The purpose of any network monitoring system is to ensure the highest level of network availability
and performance. This document outlines a best practices approach to using SolarWinds ®
Network Performance Monitor (NPM) and Network Configuration Manager (NCM) as a crucial
part of a comprehensive strategy for effective network monitoring and management.

Situation: Network Configuration Management

To understand this objective, we must first understand three key functional areas of network
management. We also need to know how SolarWinds NPM and NCM address these areas.
Network management comprises the following:

Fault management
Performance management
Configuration management

The relationship between network management and SolarWinds NCM and NPM looks like this:

You can see that the success of a fault management system is dependent on the proper configuration of network device management features, network management software, and the host systems they reside on. All must be scaled according to the size of the network and its
projected growth. Configuration management is the functional area that addresses the backup, maintenance, standards, and compliance of network equipment configurations. Configuration management is just as critical as fault and performance management in terms of ensuring a reliable, highly available network.

The Problem

Studies have shown that nearly 80% of all network outages in an organization are related to human error, while only a small number of outages are related to equipment failure, such as a faulty power supply or cable. Gartner: Ronni J. Colville and George Spafford. Configuration Management for Virtual and Cloud Infrastructures.

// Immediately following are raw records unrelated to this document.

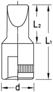 Aço Gedore-Vanadium. Soquete com acabamento niquelado e cromado, com ponteira escurecida. Para trabalhar com acessórios manuais com encaixe quadrado 6,35 mm (1/4”), conforme DIN 3120 - C 6.3, ISO 1174. Indicada para parafusos com perfil de encaixe tipo fenda simples.
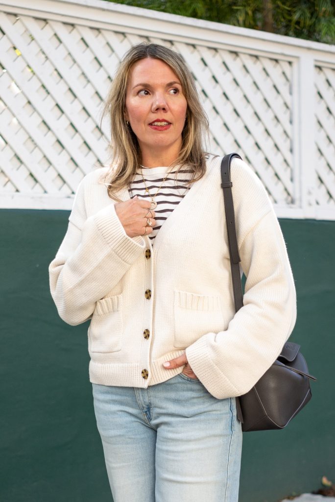 File under things I was not expecting in 2024: a major turnaround from Gap. Lately I’ve been shopping from them more than any other Gap brand (sorry, Banana Republic!)—their basics-with-a-twist are so good, especially the cotton cardigan in this post that’s heavily inspired by the Khaite Scarlet cardigan. The cardigan is mostly sold out at this point, but let’s hope they bring it back in 2025, as I’d definitely buy it in more colors.
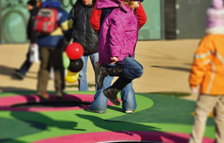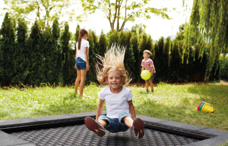 Bei „Kids Tramp“ und seiner konzeptionellen Ausgestaltung „Faszination Springen und mehr“ handelt es sich um ein für Kinder selbsterklärendes Angebot zum Springen und damit kombinierbaren Spiel-, Bewegungs- und Lernanlässen auf Outdoor-Bodentrampolinen. Das Bedürfnis des Kindes, sich von einem elastischen Untergrund für einen kurzen Moment der Schwerelosigkeit auszusetzen, mit der Raum-Lage-Orientierung zu spielen und im Gleichgewicht zu bleiben, wird in besonderem Maße aufgegriffen. Damit einhergehend werden fundamentale Reize mit nachhaltigen Effekten auf die Sensomotorik gesetzt. Dies hat positive Auswirkungen auf die sich entwickelnde Bewegungskoordination, die Körperwahrnehmung und das Haltungs-/Körperbewusstsein. Darüber hinaus werden wichtige neuroplastische Botenstoffe freigesetzt, die wichtig für Nervenzellwachstum und Nervenzellvernetzung und damit für die Hirnplastizität sind. Jedes Kind, unabhängig von seinem motorischen Fähigkeitsniveau, findet auf dem „Kids Tramp“ seinen eigenen Zugang und kommt über diese Selbsttätigkeit schnell zu Erfolgserlebnissen. Dies sorgt für ein höheres Selbstbewusstsein und eine Aktivierung der Selbstsicherungskompetenz.
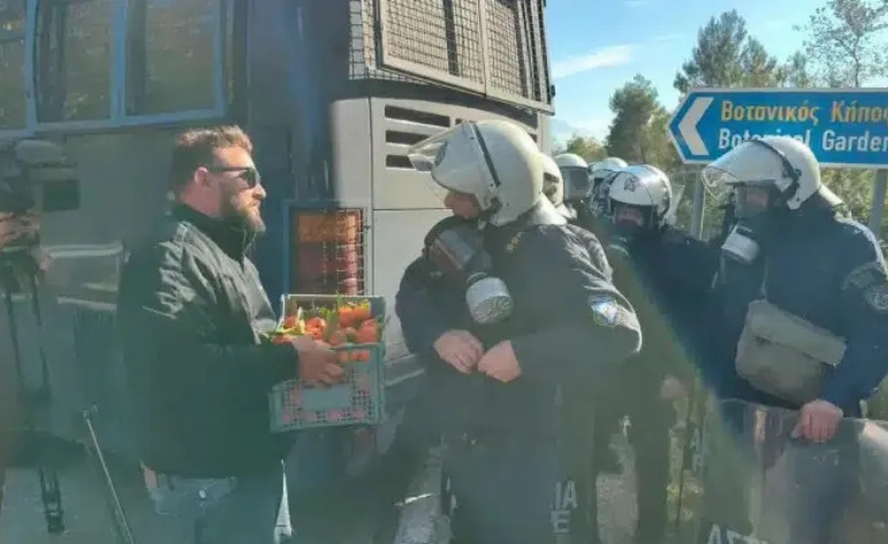Αγρότες στα μπλόκα μοίρασαν πορτοκάλια στους αστυνομικούς
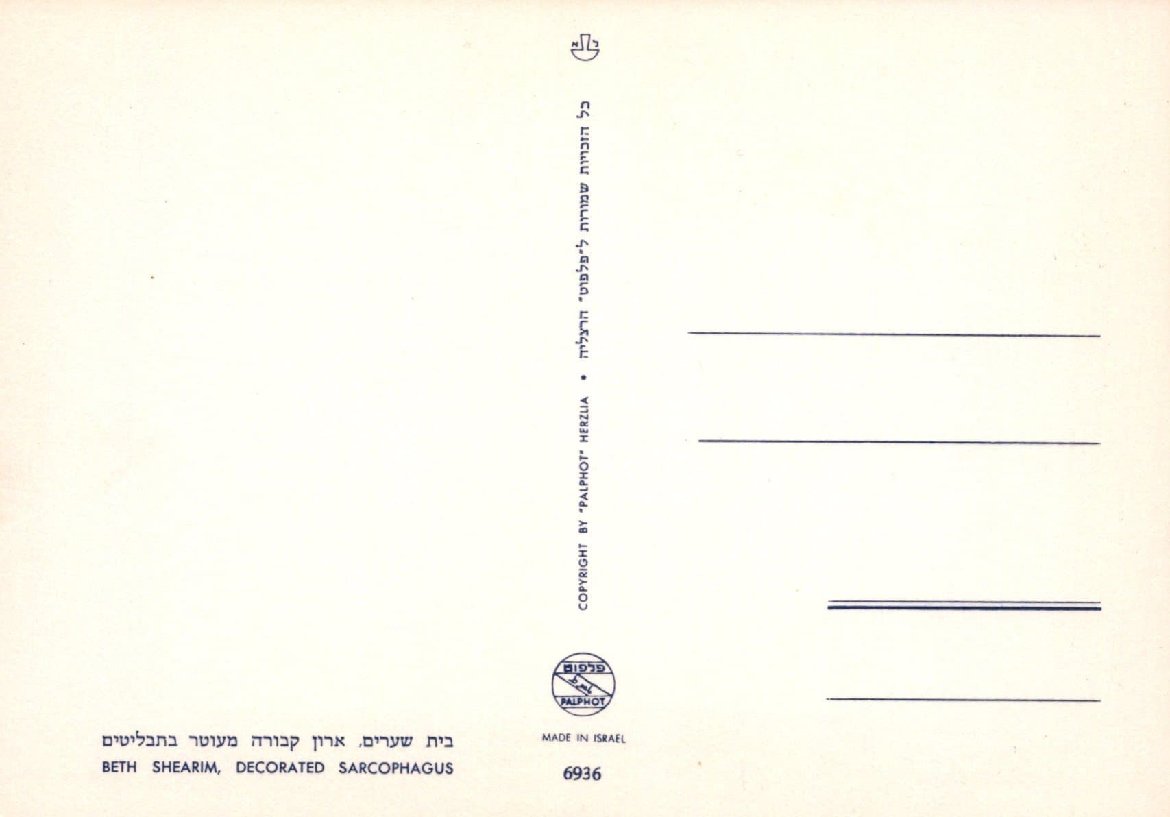 Israel Postcard - Beth Shearim - Decorated Sarcophagus
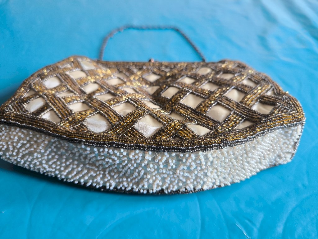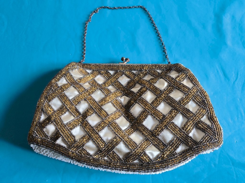 Small gold beaded handbag, vintage from the 1960s.
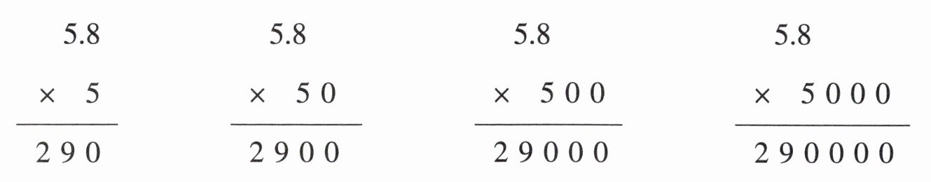 $5.8×5000$,先计算$58×5000 = 290000$,因数中一共有一位小数,所以从右向左点上小数点,即$29000.0$,小数末尾的$0$可以去掉,结果为$29000$。
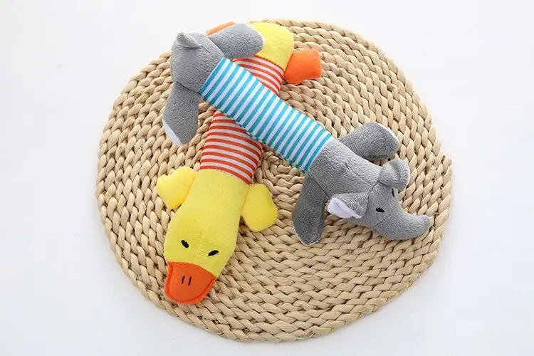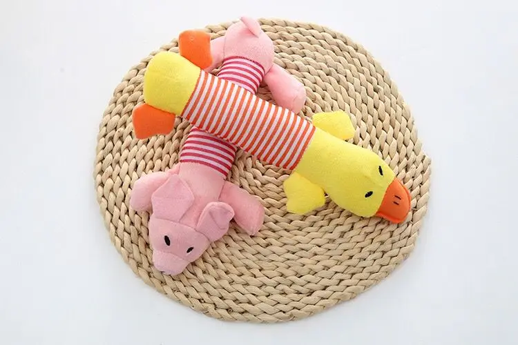 [Наименование товара]: плюшевая игрушка со звуком [Материал]: плюш, встроенный генератор Материал: Розовая свинка. Серый слон, желтая утка [Характеристики]: устойчивость к укусам, шлифовка зубов, звук
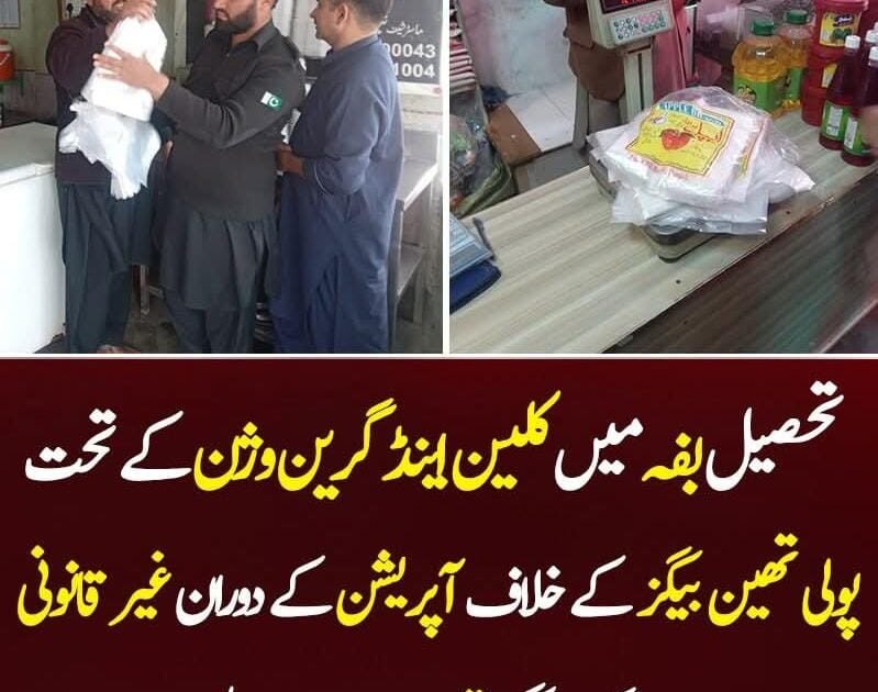 مانسہرہ کے تحصیل بفہ کے مرکزی بازاروں میں “کلین اینڈ گرین” وژن کے تحت پولی تھین بیگز کے خلاف بھرپور کارروائی کی گئی۔ اس آپریشن کی نگرانی تحصیل میونسپل آفیسر (ٹی ایم او) بفہ نے کی، جبکہ انکروچمنٹ انسپکٹر محمد وسیم نے مختلف دکانوں اور مارکیٹوں کا تفصیلی معائنہ کیا۔
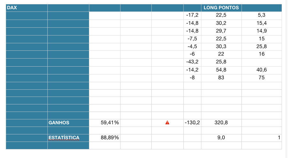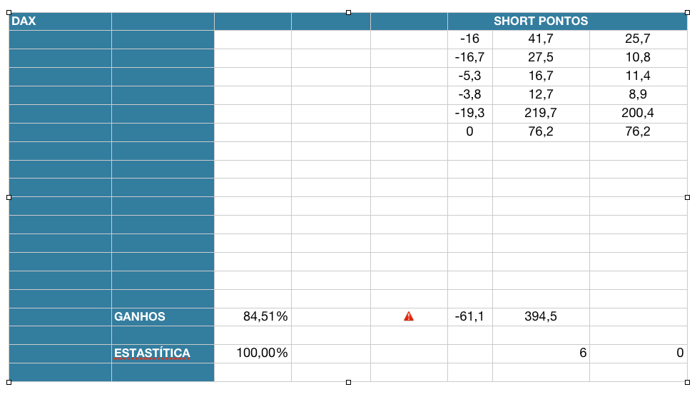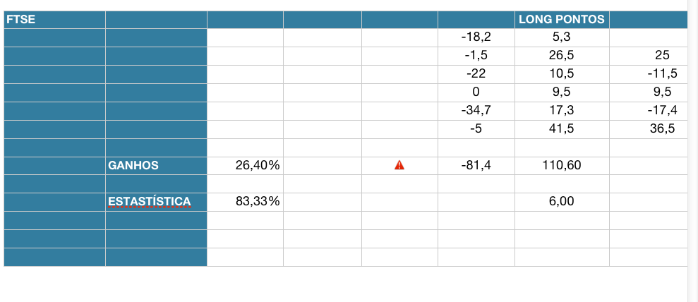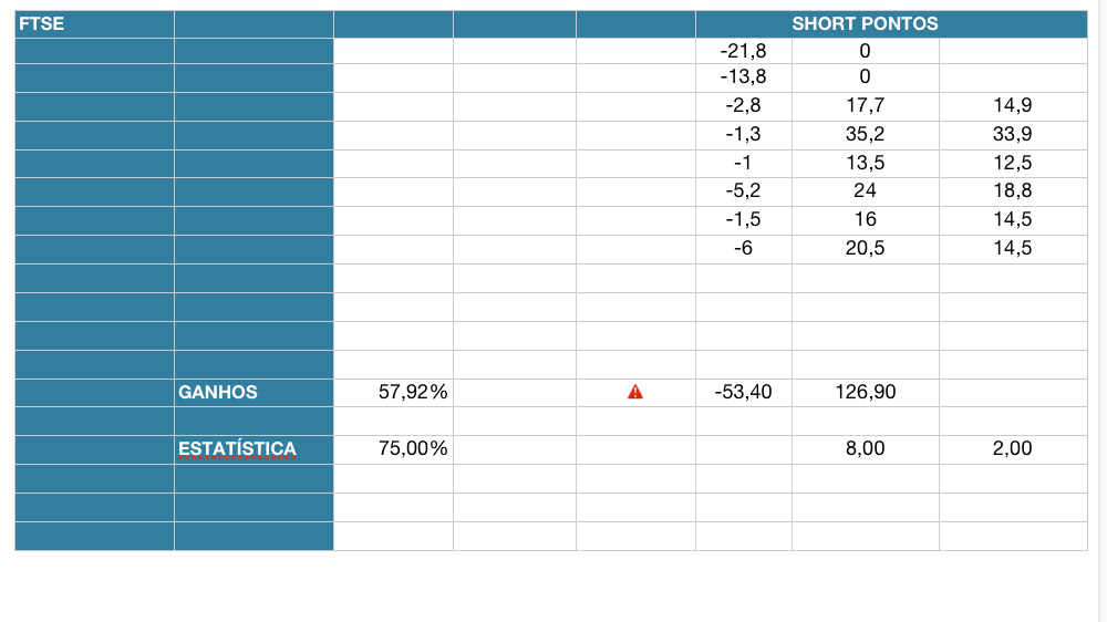 Anexo fotos de uma amostragem que fiz durante 1 mês e meio e pretendo continuar a colectar diariamente no periodo de sessão aberta para o DAX e FTSE e do SPX para o periodo que inclui a Europa de manhã. Pretendo alargar ao DOW.
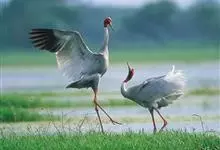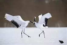 丹顶鹤:是鹤科、鹤属的一种大型涉禽,体长120-160厘米。颈、脚较长,通体大多白色,头顶鲜红色,喉和颈黑色,耳至头枕白色,脚黑色,站立时颈、尾部飞羽和脚黑色,头顶红色,…全部>>
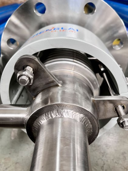 磺槍需在焚硫爐冷熱交替環(huán)境中長時(shí)間使用,為確保焊縫不出現(xiàn)失效泄漏,焊接質(zhì)量至關(guān)重要。為減少焊縫失效泄漏,我們在高效磺槍組對焊接過程中,嚴(yán)格按照《高效磺槍制造技術(shù)標(biāo)準(zhǔn)》進(jìn)行作業(yè)。每一道焊縫均充入高純氬氣,對槍身進(jìn)行置換,確保焊接過程中材料不被氧化,避免出現(xiàn)氣孔或缺陷。310S材料因其導(dǎo)熱速度快,在焊接過程中易產(chǎn)生較大的熱應(yīng)力變形。為有效降低焊接熱應(yīng)力引起的變形,我們在每道焊縫完成后,均會耐心等待其自然冷卻,再進(jìn)行下一道焊縫的焊接作業(yè)。
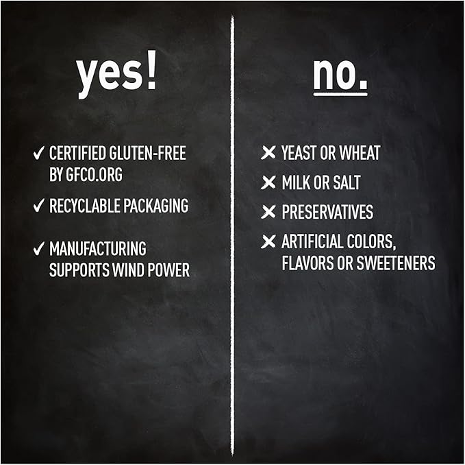- CONTAINS ABSOLUTELY NO: Yeast - Wheat -Milk - Salt - Preservatives - Artificial Colors - Artificial Flavors - Artificial Sweeteners
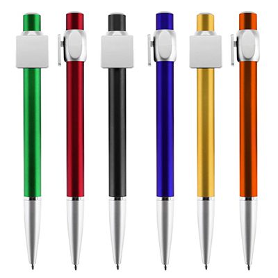 Bolígrafo “Badge” con cuerpo de color metalizado y clip cuadrado plateado, ideal para imprimir isotipos. Escritura azul.
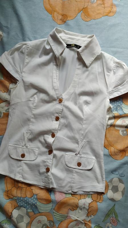 Ткань тонкая и приятная на ощупь, немного тянется. Состояние очень хорошее, белое, без пятен и повреждений. Карманы - обманки есть шлевки для ремешка. Размер Л длина-56 ширина-40 плечі-35 рукав-13
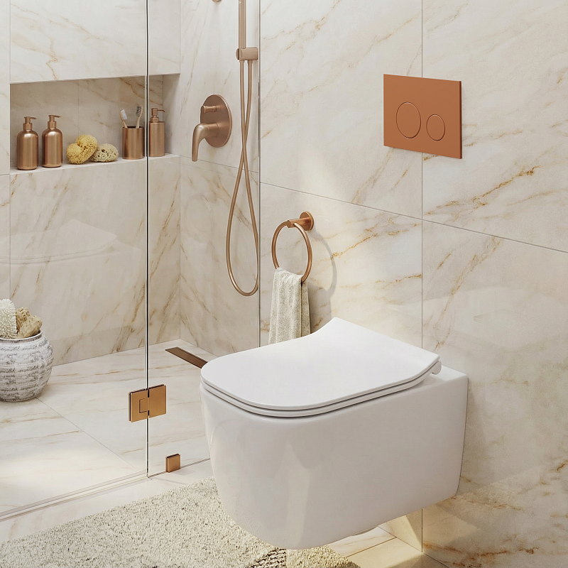 Оттенок медь матовая — это насыщенный, приглушённый металлический тон, который смотрится глубоко и утончённо. Матовое покрытие снижает отражения и блики, создаёт визуальную мягкость поверхности и делает цвет более ровным и благородным. Такая клавиша прекрасно вписывается в интерьеры с теплыми или нейтральными оттенками, а также выгодно смотрится в контрасте со светлой или тёмной плиткой, подчёркивая стильность и продуманность дизайна.
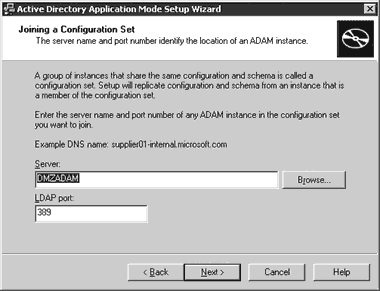 В отсутствие приложения, которое может создать схему, необходимо импортировать один или несколько таких классов. После завершения работы мастера процесс установки создает экземпляр ADAM и заполняет каталог схемой из LDIF-файлов, указанных администратором, или схемой и объектами реплицированного экземпляра.
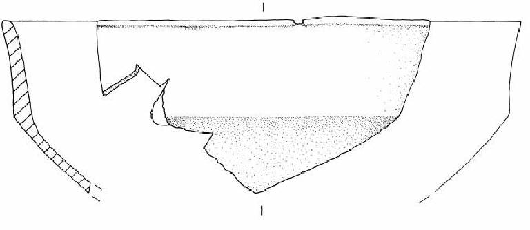Dieci frammenti con orlo piatto, leggermente esoverso. Parete superiore svasata. Carena a spigolo vivo e vasca troncoconica.
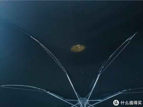 从伞下往上看时可以看到有一个光斑,还是比较明显的,但不会出现伞下都很通亮的情况。

However, most organizations usually only address configuration management after fault and performance management solutions have been deployed. There are practical as well as psychological reasons for this. While configuration management will eventually have the greatest
impact on overall network availability, it requires the most planning and is the least tangible. Deploying a fault and performance management system, such as SolarWinds NPM, gives IT pros immediate visibility into the network. Doing so also measures the positive impact that configuration management has after deployment. However, to receive the full benefits of comprehensive network management, you should view configuration management equally with performance and fault management.

The Solution

Deploying SolarWinds NCM in your environment helps remove the possibility of human error through a number of mechanisms, including:

Initial provisioning of devices to standards
Carefully managing configuration changes
Monitoring configurations for unwanted changes
Auditing configurations for compliance
Troubleshooting network performance and faults
Archiving configurations for disaster recovery

SolarWinds NCM can reduce the potential for misconfiguration by using automated device configuration tools to build the network. For example, SolarWinds NCM can be used to build the initial configuration before integrating it into the provisioning process. This expedites the deployment of configurations to devices, and helps ensure that the configuration adheres to the proper standards established by the organization.

This is accomplished by first setting up the device with an IP address, SNMP, and login credentials. Next, declare the device to NCM so that it can push the complete operational configuration on the device. This can be done in a staging area, or when the device is able to communicate with SolarWinds.

Once a configuration has been deployed and meets the organization’s standards, it then becomes critical to ensure that those configurations remain standardized.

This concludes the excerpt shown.